Tuesday AM November 7th, 2006

Potential jurors given questionnaires for BP Texas City explosion civil trial in Galveston...OPEC head says cartel may need to further cut oil production...Midamerican Energy Holdings and American Electric Power plan high-voltage transmission network in Texas...

Potential jurors were given lengthy questionnaires to fill out Monday in Galveston, as jury selection began in a civil trial stemming from the BP Texas City explosion. Potential jurors will return Thursday for questioning. Final selections are to made Friday, and opening arguments are set for Monday, November 13th. Eva Rowe lost both parents in the mishap, and has rejected settlement offers in her bid to force BP to publicly admit to wrongdoing. Rowe is seeking $1.2 billion in damages. BP has paid hundreds of millions of dollars to compensate injured workers and the families of the 15 killed in the blast. The London-based oil giant has repeatedly said it takes responsibility for the explosion and that mistakes were made by managers and workers.

The head of OPEC says the cartel may need to cut oil production further this year. Edmund Daukoru, speaking at an energy conference in South Korea, says OPEC may need to respond to what he calls an oversupply of oil. Daukoru is also Nigeria's petroleum minister. Regarding OPEC's decision last month to cut production effective November 1st, Daukoru says that the effects of the reduced output have yet to be seen, but would be soon. He says the cartel is meeting again next month.

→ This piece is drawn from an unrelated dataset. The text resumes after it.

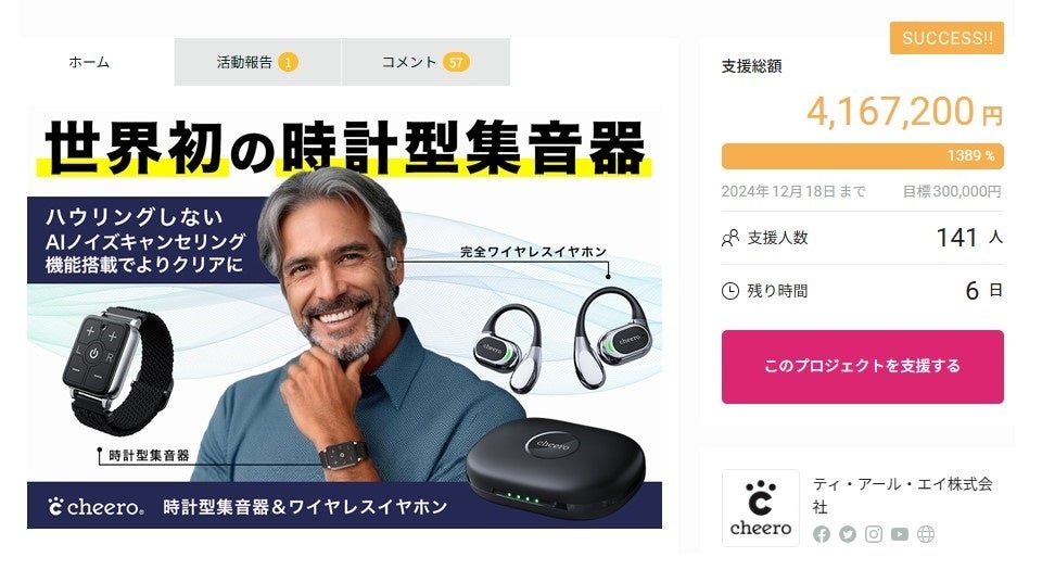 【cheero】時計型ワイヤレス集音器「Kikiyasu(キキヤス)」の支援金額が1300%を達成しました。予約販売は残り6日で終了します。

Midamerican Energy Holdings and American Electric Power plan to build and operate a high-voltage transmission network in Texas. The memo of understanding was announced by both companies. The agreement indicates that ownership of the project will be split evenly between the two companies. Ohio-based American Electric Power plans to contribute assets currently under construction. A subsidiary of Iowa-based Midamerican will make a cash contribution to the joint venture company. The plan is subject to completion of operating and service agreements--expected by the end of this year--and regulatory approval in 2007. AEP operates in Ohio, Texas, Virginia, West Virginia, Tennessee, Indiana, Kentucky, Oklahoma, Arkansas and Louisiana.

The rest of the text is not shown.